## Activity
Please write out the listing exactly, leaving each picture out.

## Data excerpt
━━━━━━━━━━━━━━━━

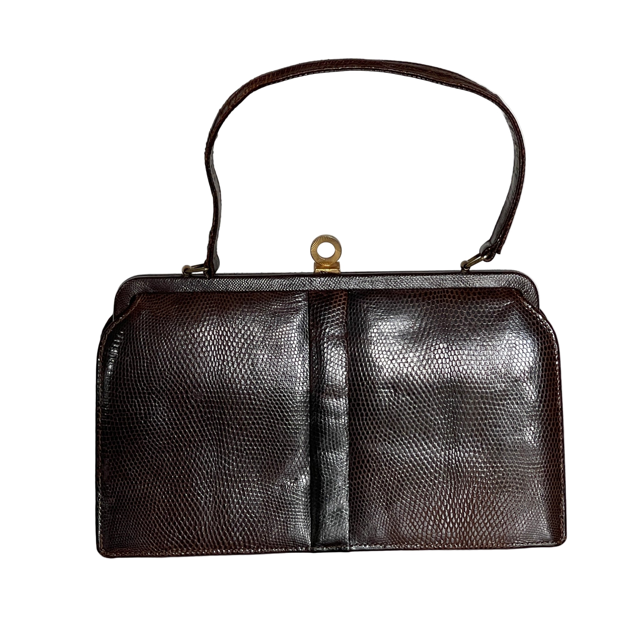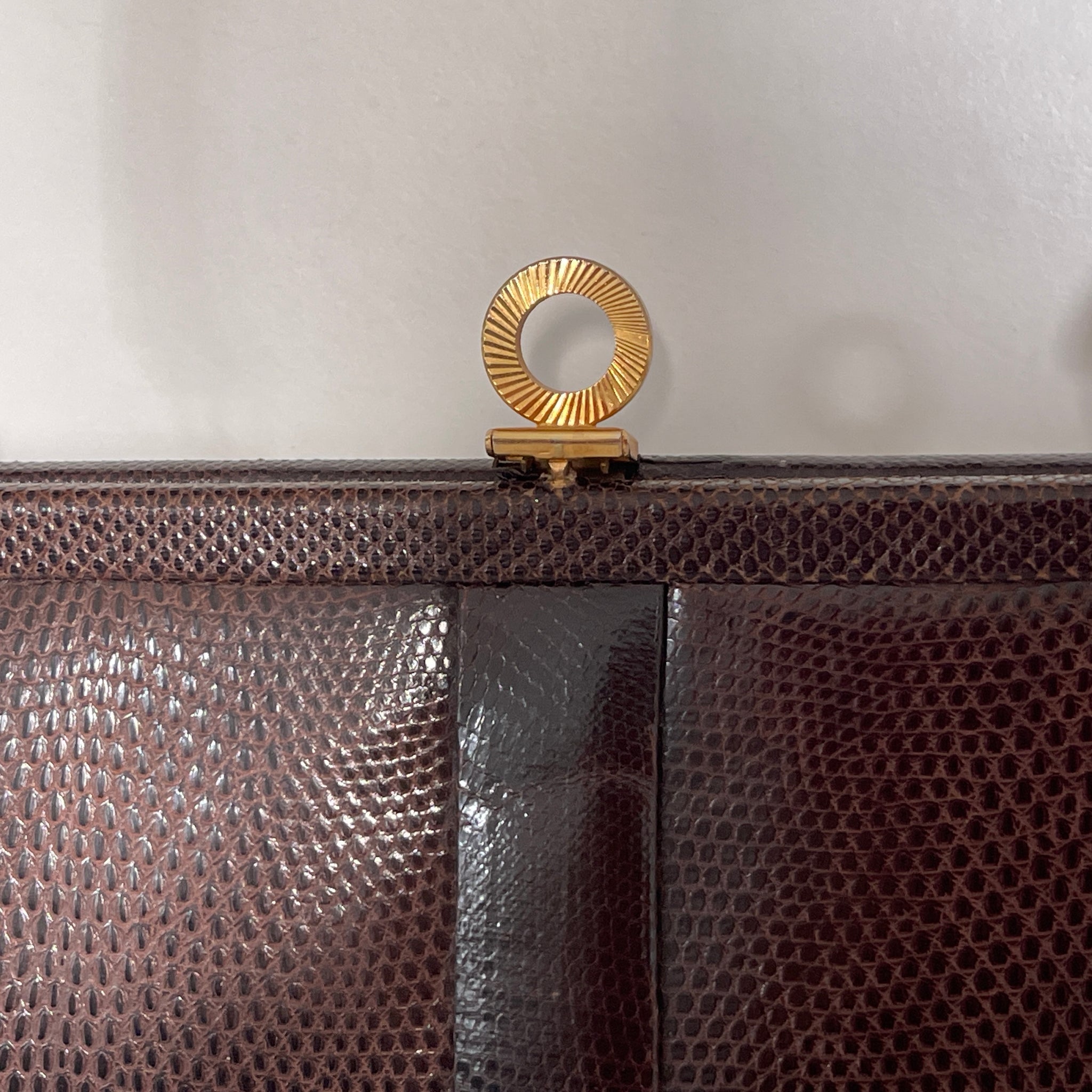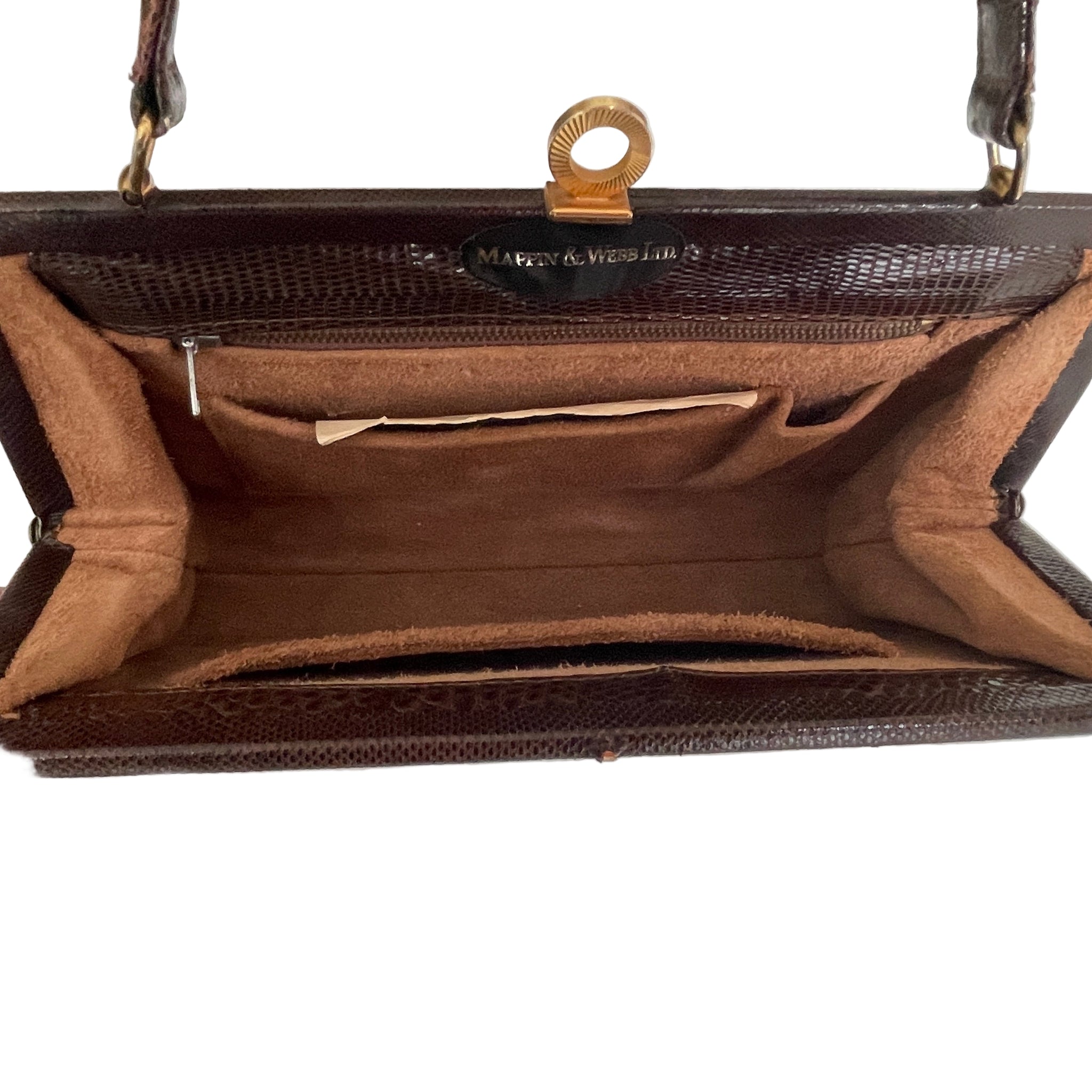 This is a beautiful handbag from sought after brand Mappin and Webb, the world renowned company which holds several Royal warrants but no longer sells these classic handbags. This is one of the larger handbags, in pristine condition in a rich dark chocolate brown. The lizard skin has a very glossy patina and has obviously been extremely well looked after. There is no damage or wear at all to the exterior of the handbag, including the handle which looks unused. The handbag is the ame both sides with a pleat down the centre. The gilt clasp very unusual and attractive, is firm and closes with a very satisfying click. The tan suede lining is clean and in excellent condition. The care card for the lizard skin is still with the handbag and the Mappin & Webb label still attached to the lining.
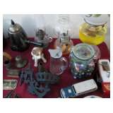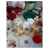 Glassware & Household - Nippon, Limoges, Roseville, Fostoria, Heisey, pink and green Depression glass, hall, old Pyrex, Swarovski, phoenix, silver-plate, copper, brass, trivet collection, cup and saucer collection, Norman Rockwell plates, Copenhagen plates, Dan Winter collection, Bombay accessories, aquarium, frames, mirrors, lamps, prints, watercolors, books, games puzzles, records, changing table, baby items, linens, clothes, Christmas, camping items, tools, lawn and garden. Specials
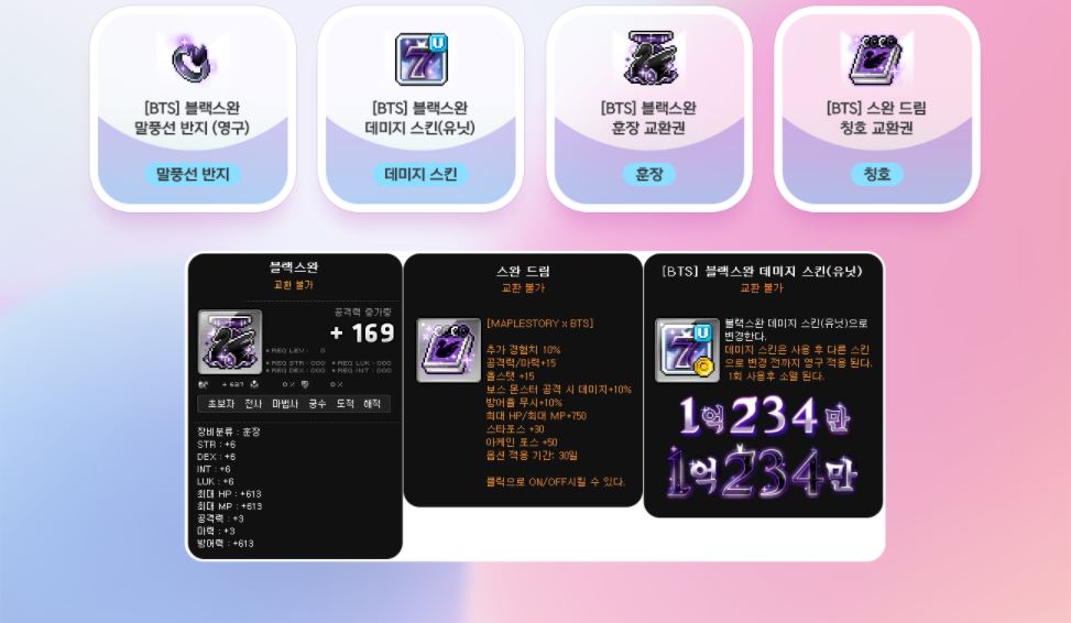 특히 한벌옷인 [BTS] 러브 인 스완이 몇십억 메소로

━━━━━━━━━━━━━━━━

## Exercise output
 This is a beautiful handbag from sought after brand Mappin and Webb, the world renowned company which holds several Royal warrants but no longer sells these classic handbags. This is one of the larger handbags, in pristine condition in a rich dark chocolate brown. The lizard skin has a very glossy patina and has obviously been extremely well looked after. There is no damage or wear at all to the exterior of the handbag, including the handle which looks unused. The handbag is the ame both sides with a pleat down the centre. The gilt clasp very unusual and attractive, is firm and closes with a very satisfying click. The tan suede lining is clean and in excellent condition. The care card for the lizard skin is still with the handbag and the Mappin & Webb label still attached to the lining.
 Glassware & Household - Nippon, Limoges, Roseville, Fostoria, Heisey, pink and green Depression glass, hall, old Pyrex, Swarovski, phoenix, silver-plate, copper, brass, trivet collection, cup and saucer collection, Norman Rockwell plates, Copenhagen plates, Dan Winter collection, Bombay accessories, aquarium, frames, mirrors, lamps, prints, watercolors, books, games puzzles, records, changing table, baby items, linens, clothes, Christmas, camping items, tools, lawn and garden. Specials
 특히 한벌옷인 [BTS] 러브 인 스완이 몇십억 메소로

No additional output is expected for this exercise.